▸ **WHAT TO DO**
The listing is to be transcribed in full, with its images left out.

▸ **COLLECTED DATA**
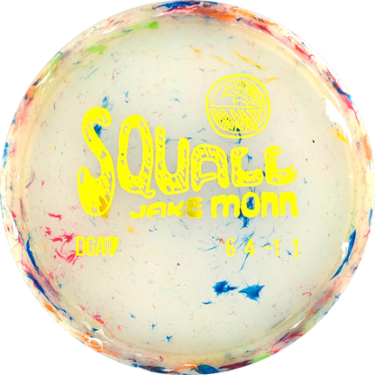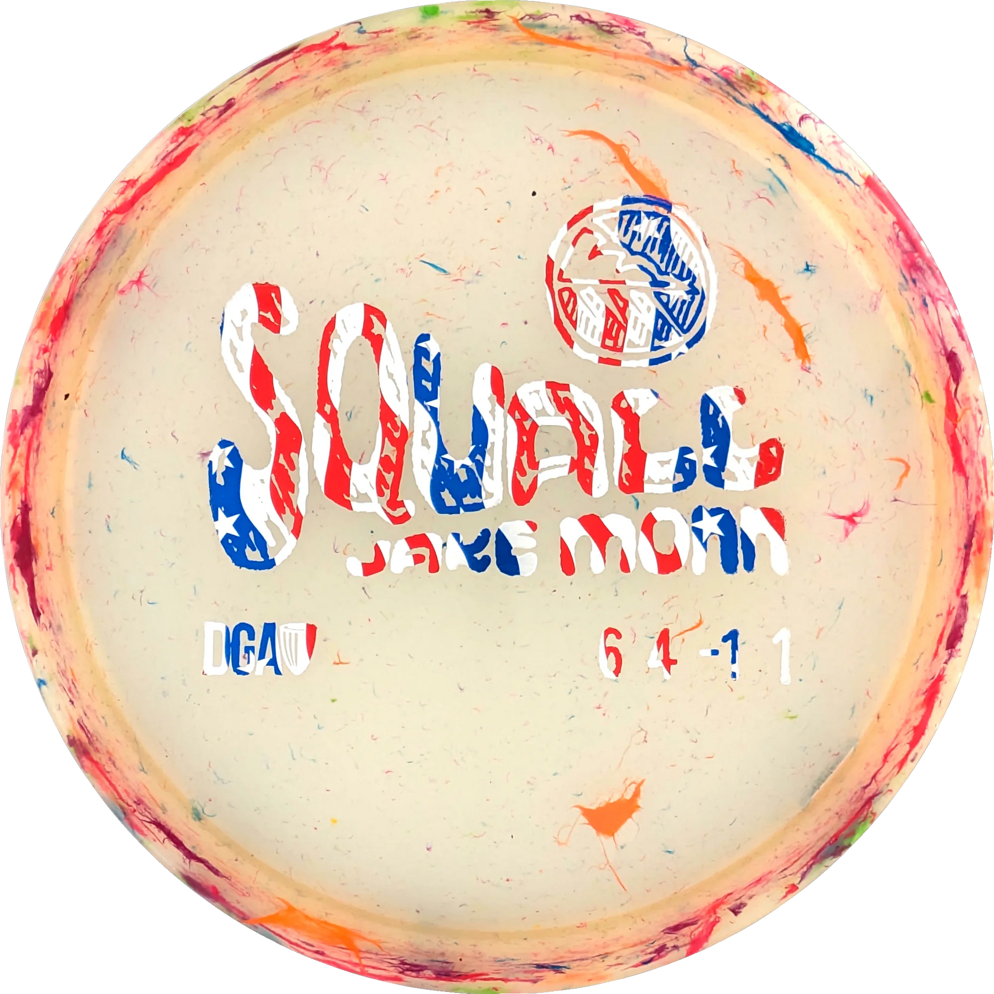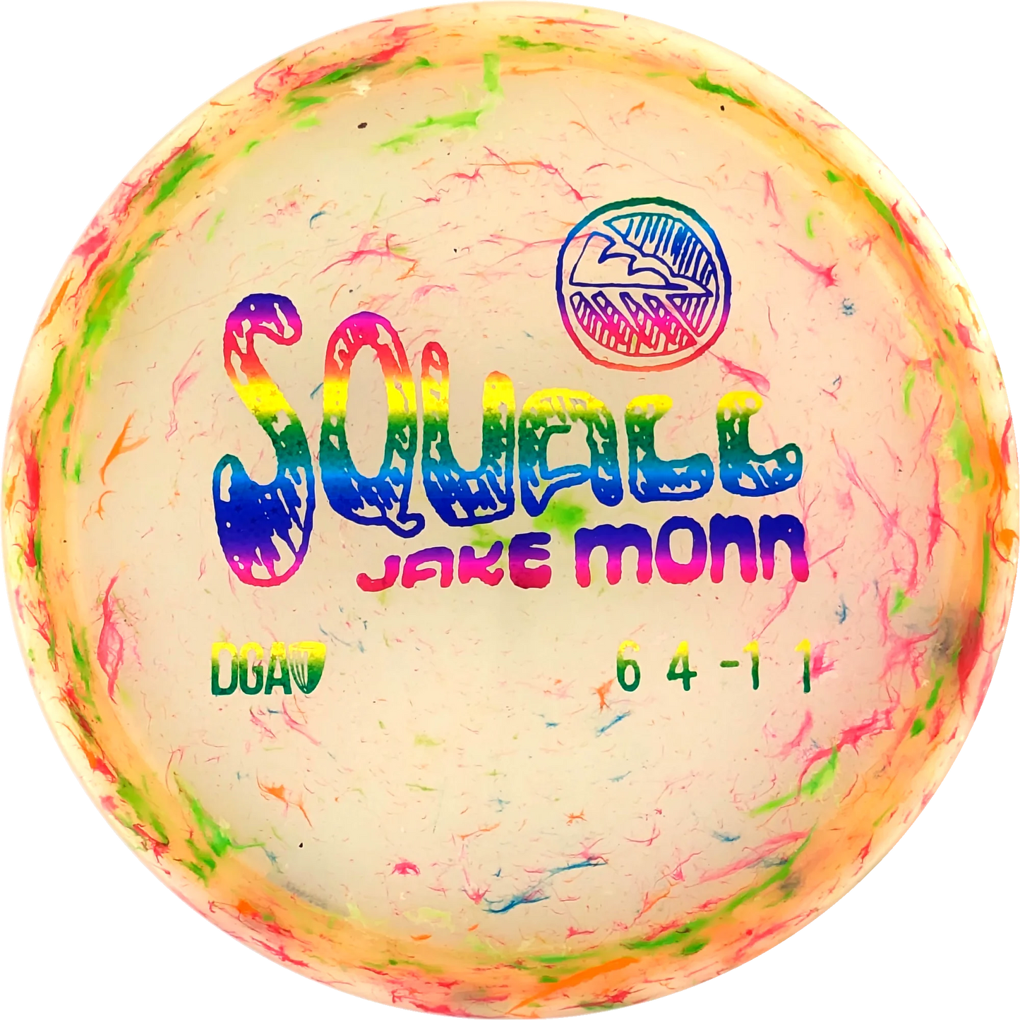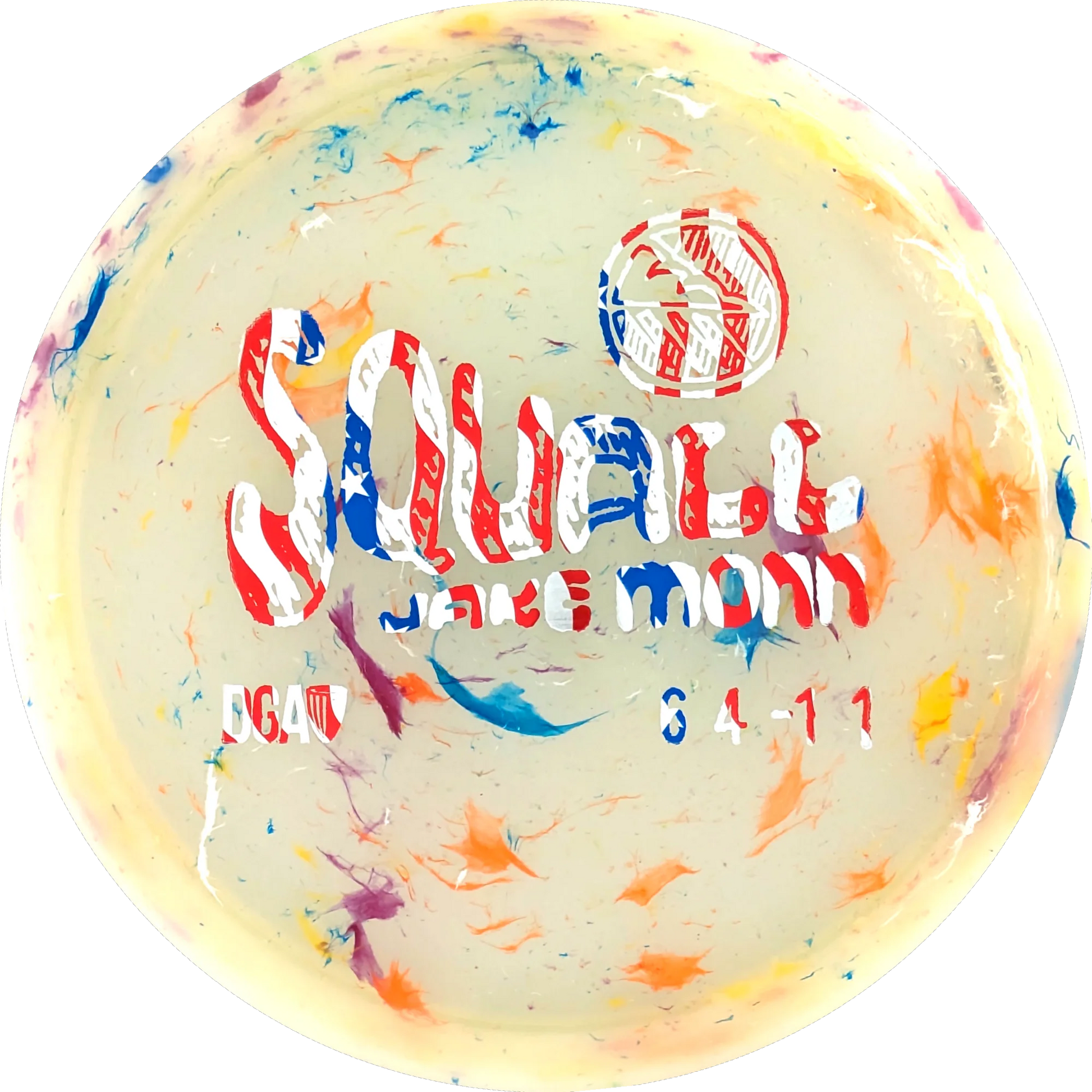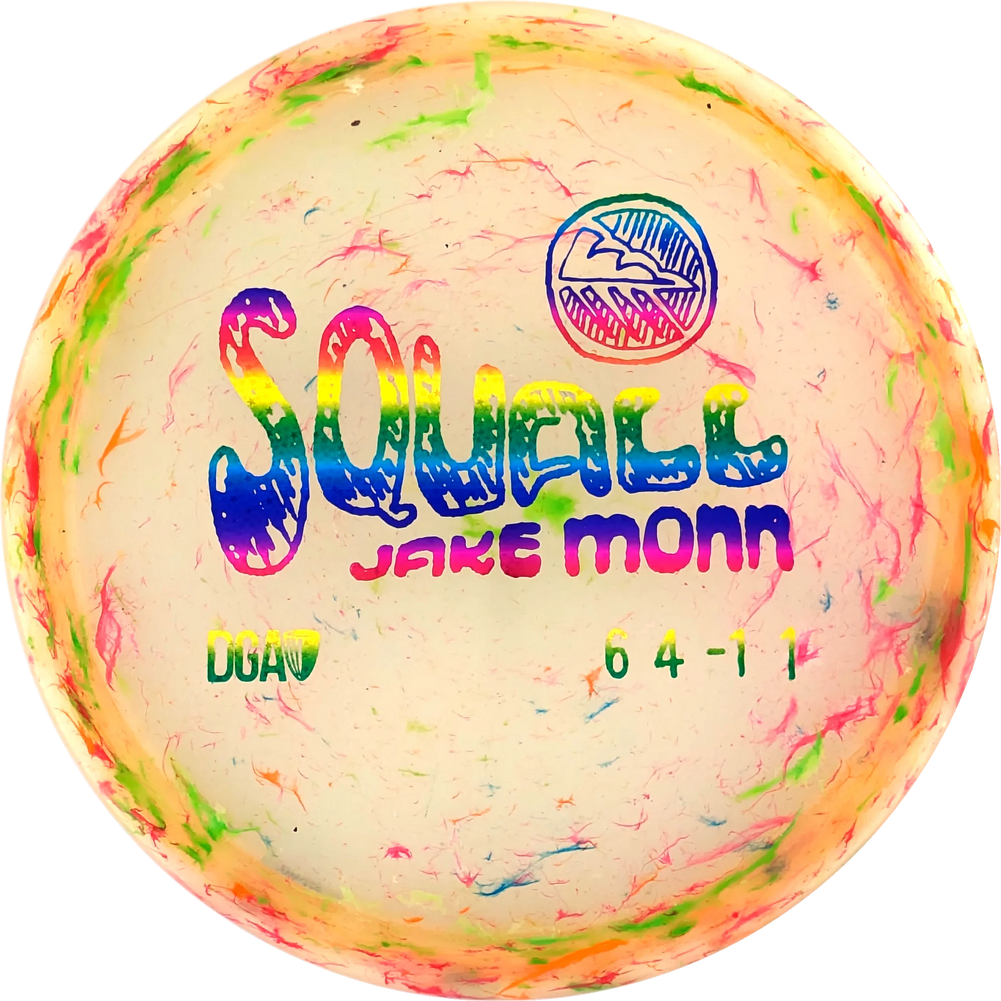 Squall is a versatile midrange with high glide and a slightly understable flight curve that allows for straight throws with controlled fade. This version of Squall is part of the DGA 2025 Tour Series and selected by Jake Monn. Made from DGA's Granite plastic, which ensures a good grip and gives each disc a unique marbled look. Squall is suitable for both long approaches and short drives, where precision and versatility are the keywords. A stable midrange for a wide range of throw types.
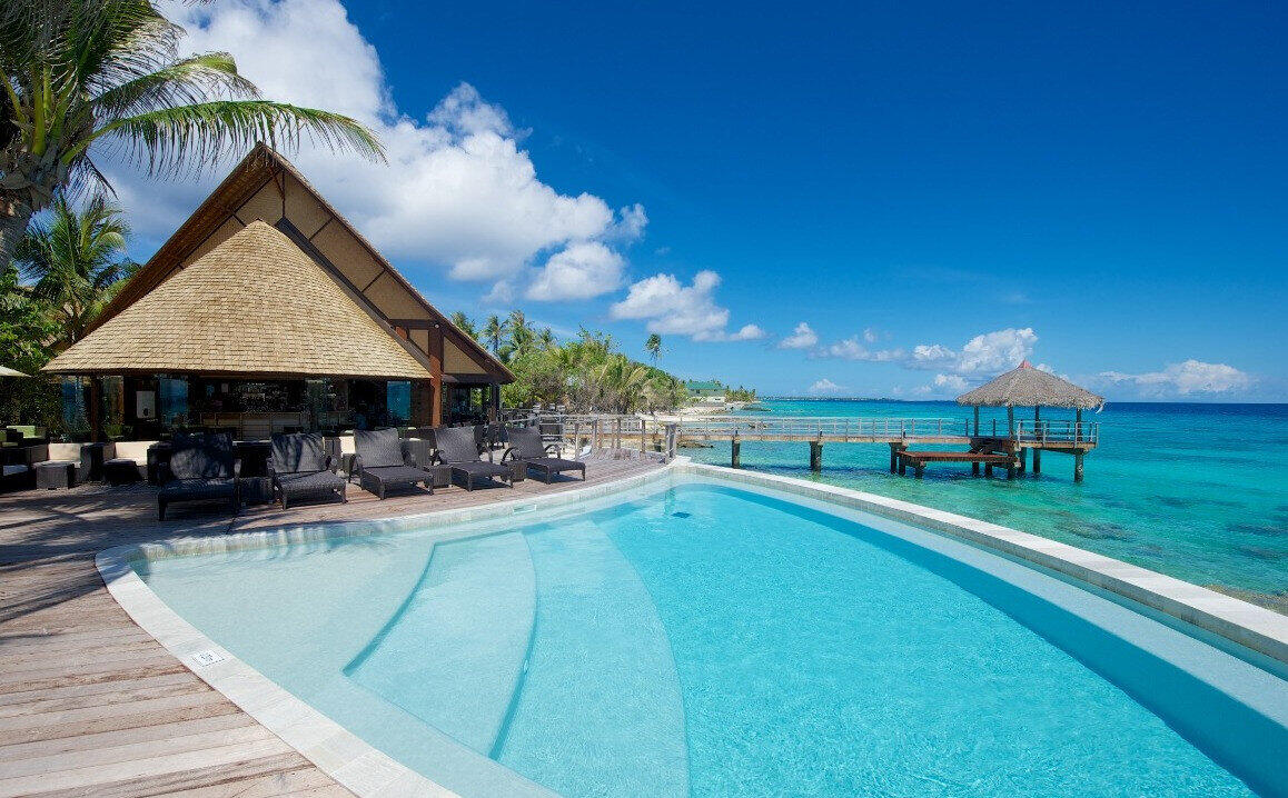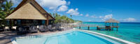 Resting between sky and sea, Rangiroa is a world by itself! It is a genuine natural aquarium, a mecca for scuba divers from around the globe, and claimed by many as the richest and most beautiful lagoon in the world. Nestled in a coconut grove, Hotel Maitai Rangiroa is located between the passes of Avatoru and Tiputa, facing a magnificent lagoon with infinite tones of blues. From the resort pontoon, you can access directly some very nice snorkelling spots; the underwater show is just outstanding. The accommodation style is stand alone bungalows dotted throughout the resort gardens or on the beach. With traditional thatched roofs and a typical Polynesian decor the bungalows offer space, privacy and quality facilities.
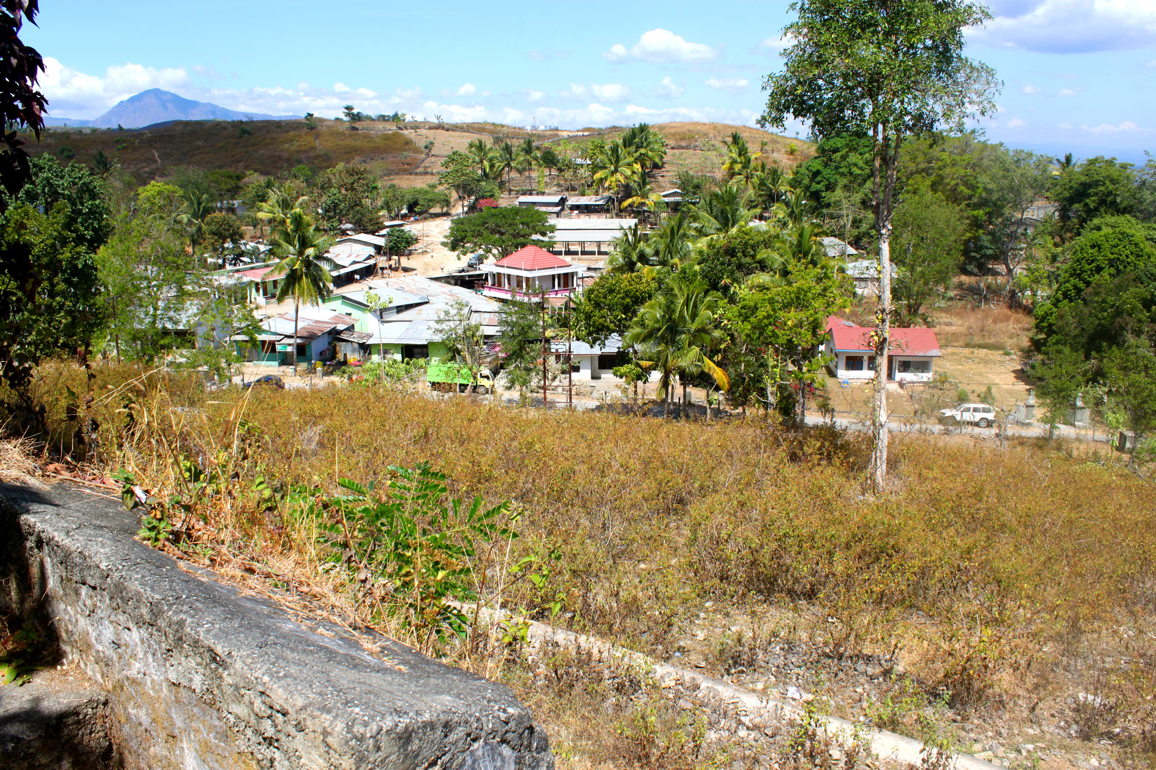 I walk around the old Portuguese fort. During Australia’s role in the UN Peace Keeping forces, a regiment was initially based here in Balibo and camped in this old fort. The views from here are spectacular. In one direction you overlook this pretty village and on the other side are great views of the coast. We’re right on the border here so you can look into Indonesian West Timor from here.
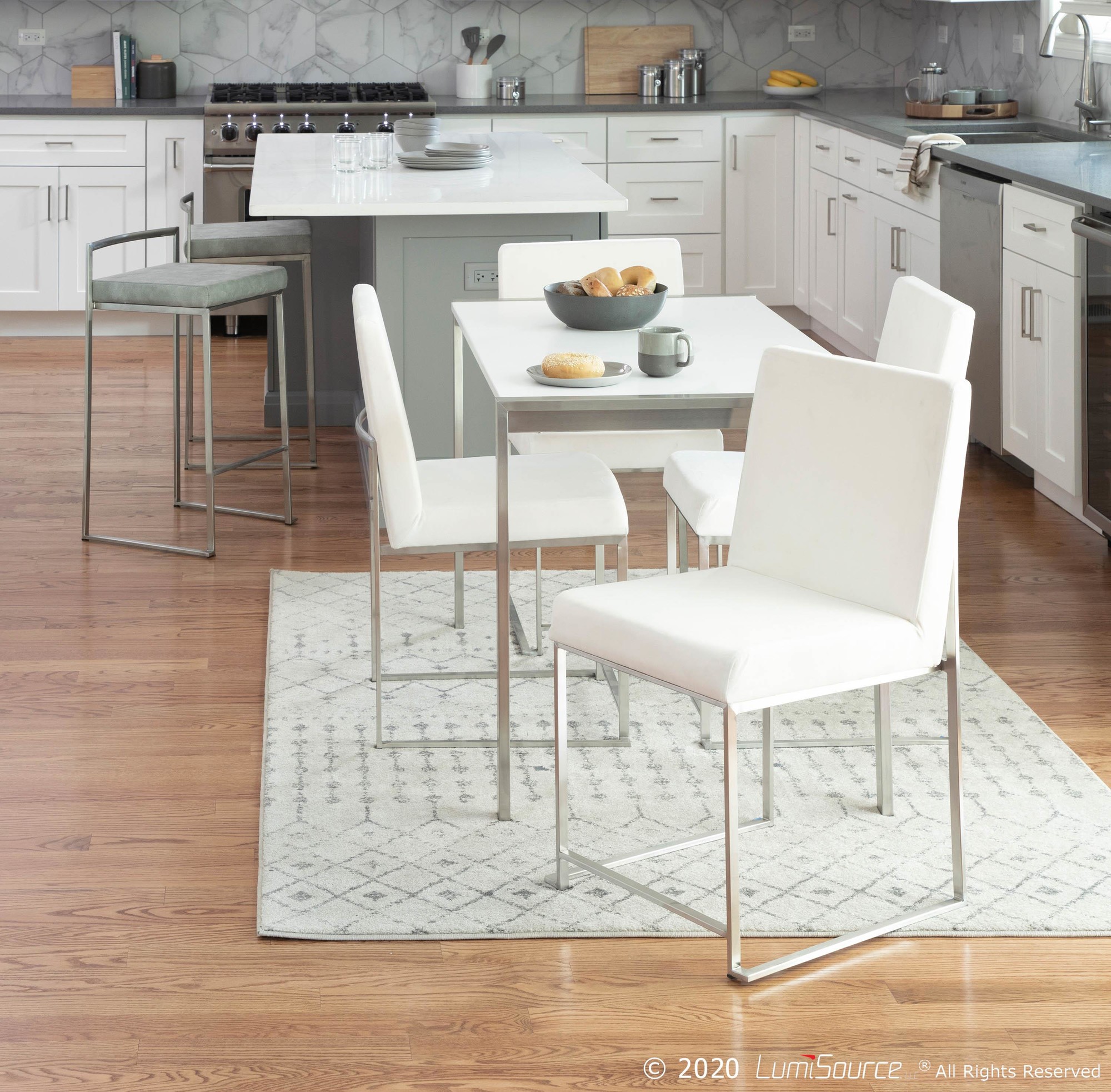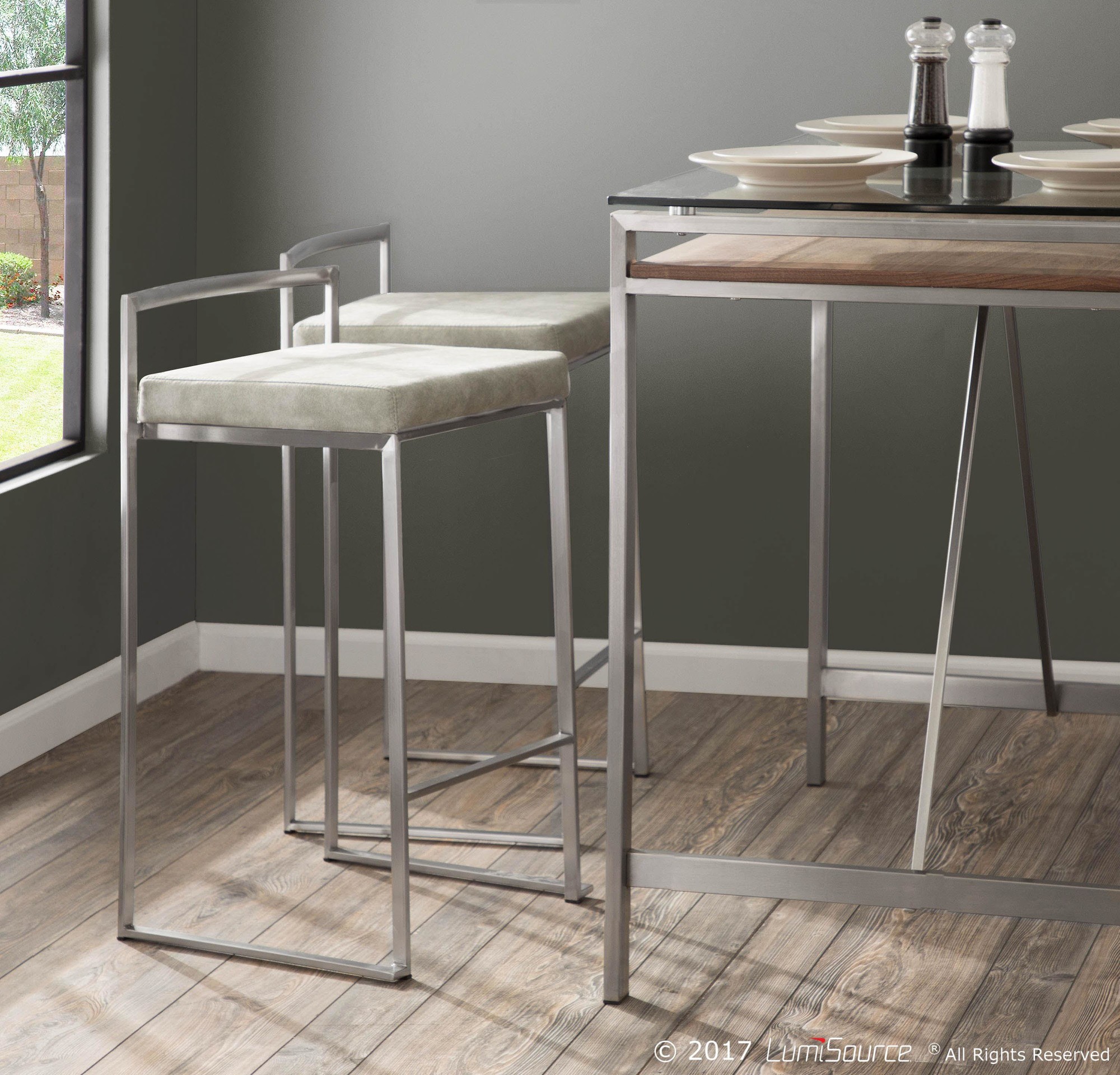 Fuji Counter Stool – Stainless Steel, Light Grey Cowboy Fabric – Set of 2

▸ **EXERCISE RESULT**
 Squall is a versatile midrange with high glide and a slightly understable flight curve that allows for straight throws with controlled fade. This version of Squall is part of the DGA 2025 Tour Series and selected by Jake Monn. Made from DGA's Granite plastic, which ensures a good grip and gives each disc a unique marbled look. Squall is suitable for both long approaches and short drives, where precision and versatility are the keywords. A stable midrange for a wide range of throw types.
 Resting between sky and sea, Rangiroa is a world by itself! It is a genuine natural aquarium, a mecca for scuba divers from around the globe, and claimed by many as the richest and most beautiful lagoon in the world. Nestled in a coconut grove, Hotel Maitai Rangiroa is located between the passes of Avatoru and Tiputa, facing a magnificent lagoon with infinite tones of blues. From the resort pontoon, you can access directly some very nice snorkelling spots; the underwater show is just outstanding. The accommodation style is stand alone bungalows dotted throughout the resort gardens or on the beach. With traditional thatched roofs and a typical Polynesian decor the bungalows offer space, privacy and quality facilities.
 I walk around the old Portuguese fort. During Australia’s role in the UN Peace Keeping forces, a regiment was initially based here in Balibo and camped in this old fort. The views from here are spectacular. In one direction you overlook this pretty village and on the other side are great views of the coast. We’re right on the border here so you can look into Indonesian West Timor from here.
 Fuji Counter Stool – Stainless Steel, Light Grey Cowboy Fabric – Set of 2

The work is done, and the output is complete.